Europe Photoblogging, Part 7: Oxford
By Dwip September 14, 2014, 2:27 pm Comments (0) RSS Feed for this post

Why indeed, Oxford gargoyle. Why indeed.

We did this as an AHA group trip the week after Stonehenge and Bath. Trooped up to Oxford for the day by bus, checked out the university, wandered around, failed at punting down rivers. Enjoyment was had by most, most of the time. I talk about it in this somewhat mistitled post.

This is Christ Church, Oxford, in a fairly representative view of what the rest of Oxford looks like. Giant central quad, ornate buildings, and all that. It’s kind of a model. In 2006-2007 I used to pick Sarah up from this same sort of arrangement at Yale.

Only, you know. Here there’s a whole city full of things like this.

This is a fan vault within a stairway in Christ Church. We’ll see some more of these, but they’re really spectacular in that spectacular Gothic style of the late middle ages.

Again, this place went all in on the Gothic adornments. I’m not wholly sure who these guys are supposed to be, but here they are on this random wall.

This is Christ Church Cathedral. Nice place. Love the fan vaults as always. In typical local cathedral style, it’s stuffed full of random monuments and plaques and things we’ll get to in a moment.

This guy is the late John de Nowers, who according to the info plaque died in 1386 and was apparently 6’6″ tall, making him the NBA superstar of the middle ages. Other than that, I have no idea who he was or what he did.

I just thought this floor in the cathedral was really cool.

This is the Divinity School at Oxford.

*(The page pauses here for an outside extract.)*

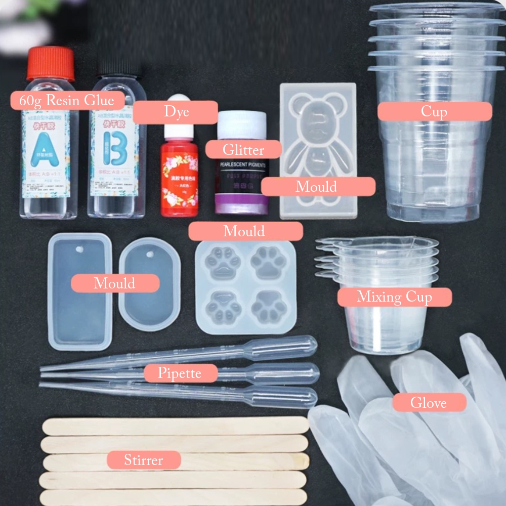 INSTOCK Epoxy Resin Beginner Starter Kit 1:1 Set AB Glue 60ml with Different Set 8HR Drying [FREE DELIVERY]
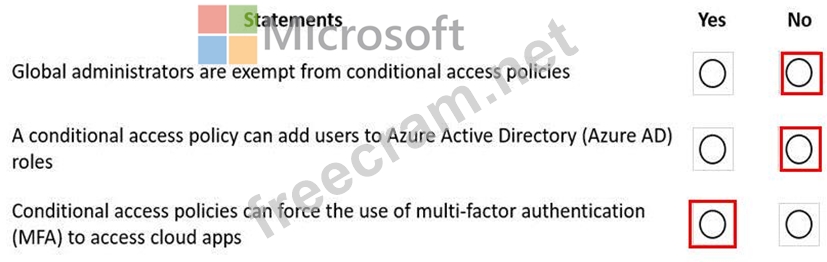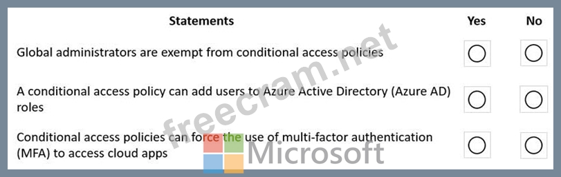For each of the following statements, select Yes if the statement is true. Otherwise, select No.

Again, a spectacular bit of Gothic vaulting and decor in here. At the joints of the vault ribs, you can see a bunch of bossed initials. If memory serves, they’re supposed to be from the guys who built the place.

This is what the view from an arrow slit looks like. They’re narrow, and it’s damned hard to see much of anything from them. They do at the least let in some light, which was rather important in the tower we were in.

These are shawabtis from the Ashmolean Museum. These guys were part of Egyptian funerary custom – you put them in your grave, and they’d act as servants for you in the afterlife.

I confess that I didn’t really get a whole lot out of the Ashmolean after spending every day in the British Museum. It just seemed small and rather dated, which not a whole lot of anything I hadn’t seen before in the much larger British Museum. Or perhaps I just didn’t get to the right parts and am being unfair.

If you read the attached blog post, there’s a story in there about everyone punting down the river in which Laura ran everyone into the bank and some bushes. This is the bank and the bushes. Our hilarity was total.